The easiest thing to do is to (this is not always possible) design the interface where users enter the data to limit as much as possible the amount of text that they need to enter. In my experience this seems to be where a lot of problems come from. One simple example of this is to provide a select, or auto-complete select field
One thing that you could do is do everything possible to determine if the data is correct before going into the db. I try to give the user entering the data as much feedback as possible so they can (ideally) fix some of the issues before the data gets persisted. For example, it is a very quick check to determine if the data being entered is of the correct type.

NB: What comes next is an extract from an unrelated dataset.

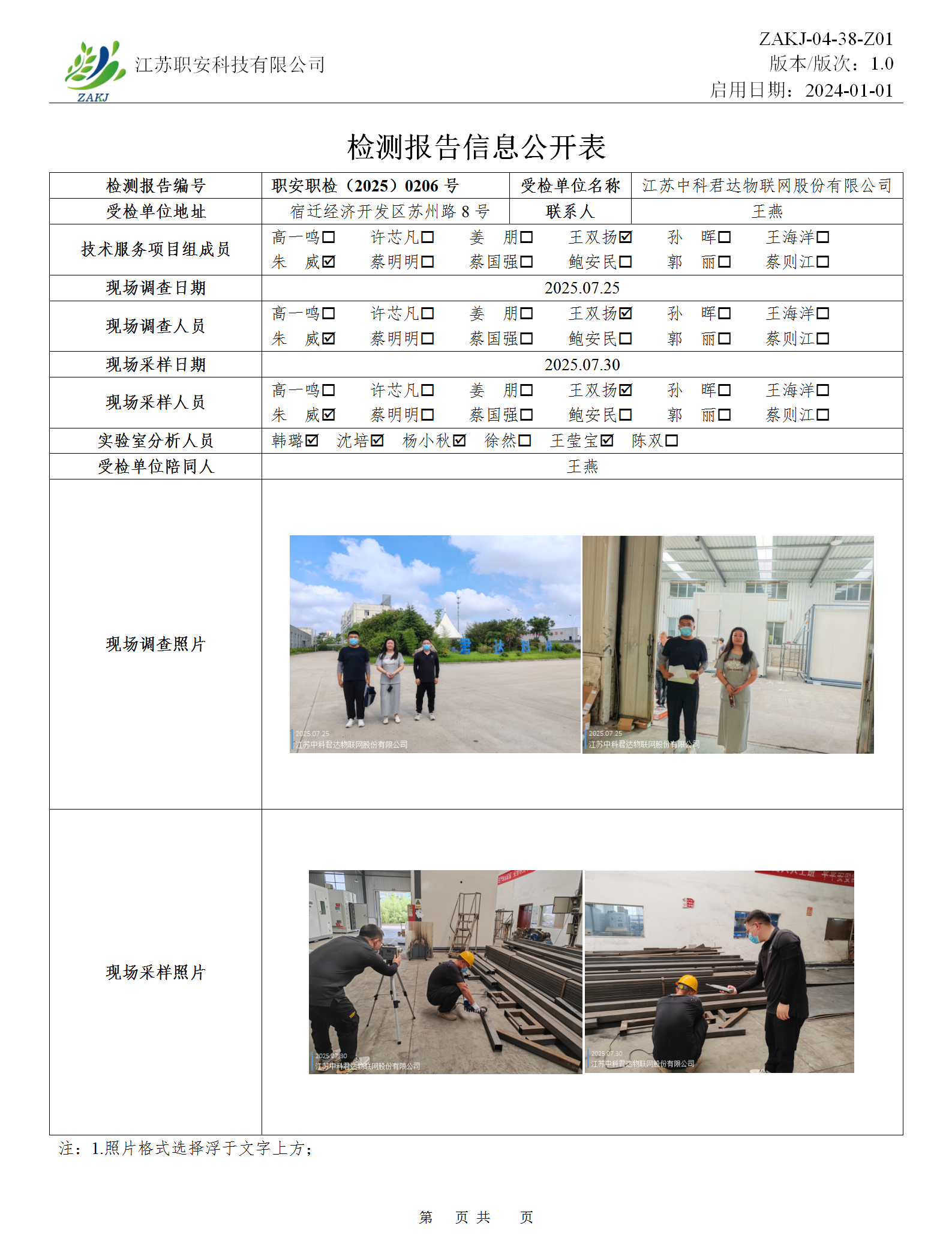 檢測(cè)報(bào)告公示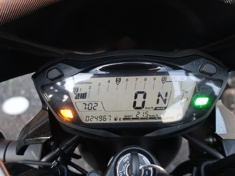 7時になり出発の支度が整った。何気にオドメーターを確認すると2万5千キロ弱。来年2月で丸3年になるが、これを多いと感じるか少ないと感じるかは評価が分かれるところ。現状だと不測の事態が発生しない限り、10万キロは乗り続ける気がする。ちなみに先代のNinja250Rは4万7千キロ走った。 |

我在个人电脑时代之前就开始接触法律系统。诉讼支持数据库通常必须容纳事实上不正确、不完整和矛盾的信息。这需要不同的思维方式。
简短的版本。 。 。
您不是记录单个事实,而是记录有关一个事实的多个断言。归根结底就是设计一个数据库来存储来自此类断言的数据。
2011年1月2日20:00至2011年1月3日08:13期间他在家。
尼尔·莱姆斯于 2011 年 1 月 2 日 23:45 回家。
施拉格尔说他在2011-01-03 03:00在克罗格见到了尼尔·莱姆斯
I got started in legal systems before the PC era. Litigation support databases routinely have to accommodate factually incorrect, incomplete, and contradictory information. It takes a different way of thinking.
The short version . . .
Instead of recording a single fact, you record multiple assertions about a fact. It boils down to designing a database to store data from assertions like these.
that he was at home from 2011-01-02 20:00 until 2011-01-03 08:13.
that Neil Rimes came home at 2011-01-02 23:45.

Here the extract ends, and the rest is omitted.